The CCPA’s initial drafting and placement on the 2018 ballot was led by Alastair Mactaggart. He later came to an agreement with Californian lawmakers to pass a scaled back version of the CCPA which was ultimately signed into law by Governor Brown. Although passed in 2018, the CCPA would not come into effect until January 1, 2020. In 2020, Proposition 24, or the CPRA, appeared on the California ballot. The Act was designed to amend the CCPA to expand consumer data privacy. Most notably, the CPRA altered the criteria that subjects a business to its rules and established the California Privacy Protection Agency to take the lead on enforcement of the CCPA. The CPRA was passed with 56.2% of California voters in favor of the proposition and went into effect on January 1, 2023.

The initiative represents an expansion of provisions first laid out by the CCPA. Key changes include requiring businesses to obtain permission from consumers younger than 16 before collecting their data and a parent or guardian before collecting data from consumers younger than 13. The CPRA also altered the CCPA to apply to businesses buying, selling, or sharing personal information of 100,000 or more consumers compared to the previous 50,000 or more. The California Privacy Protection Agency was developed to protect and enforce these provisions, taking over prior responsibilities from the California Department of Justice.

== Purpose and intentions ==
The overall intention of the act is to resolve information asymmetry between consumers and businesses concerning the use of personal information.

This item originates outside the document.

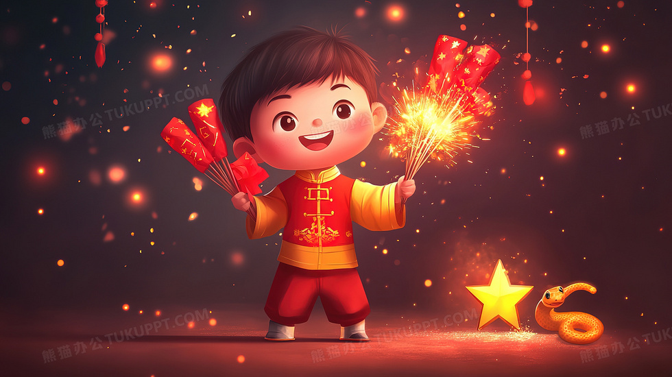 本作品内容为蛇年春节放炮竹卡通男孩与蛇插画, 格式为 jpg, 大小3 MB, 图片尺寸为2912 x 1632, 源文件无水印, 欢迎使用熊猫办公。 如认为平台内容涉嫌侵权,可通过邮件:tousu@tukuppt.com提出书面通知,我们将及时处理。

To that end the key rights of the Act include:

1. Control the use of personal information and limiting the use of sensitive personal information through the right to opt out of sale.
2. The ability to correct, delete, and transfer personal information.
3. The right to easily accessible self-serve tools to opt-out of sale or limit use of personal data
4. Exercise privacy rights without being penalized or discriminated against.
5. Hold businesses accountable for failing to take reasonable information security precautions.
6. Know who is collecting a child's personal information, how it is being used, and to whom it is disclosed.

The primary purpose of the CPRA is to further protect personal consumer information. The act defines consumer information as any information that could reasonably identify or be related to a specific person or household. This includes names, addresses, email address, social security number, and characteristics defined as being protected under California and federal law such as race, gender, or religion. The CPRA also alters the criteria for businesses to be subject to the act. The act applies to businesses meeting any of the three following criteria: (1) have $25 million in annual gross revenue in the preceding year (2) buys, sells, or shares the personal information of 100,000 or more consumers or households (3) businesses whose majority of revenue (50% or more) is earned from selling or sharing personal consumer information.

The ability to revoke consent for a business to sell or share a consumer's information through easily accessible tools is an integral part of the CPRA's modification of the CCPA. The CPRA mandates that a business' homepage must clearly display a link titled "Do Not Sell My Personal Information." A business may not require a consumer to make an account or go through multiple steps to opt out. This right essentially permits Californian consumers to require businesses to stop selling their information, thereby preventing the kinds of misuse and unknown sales of personal data that spurred the creation of the CCPA.

== Results ==
The proposition passed with roughly 55% of California voters voting in favor of the measure.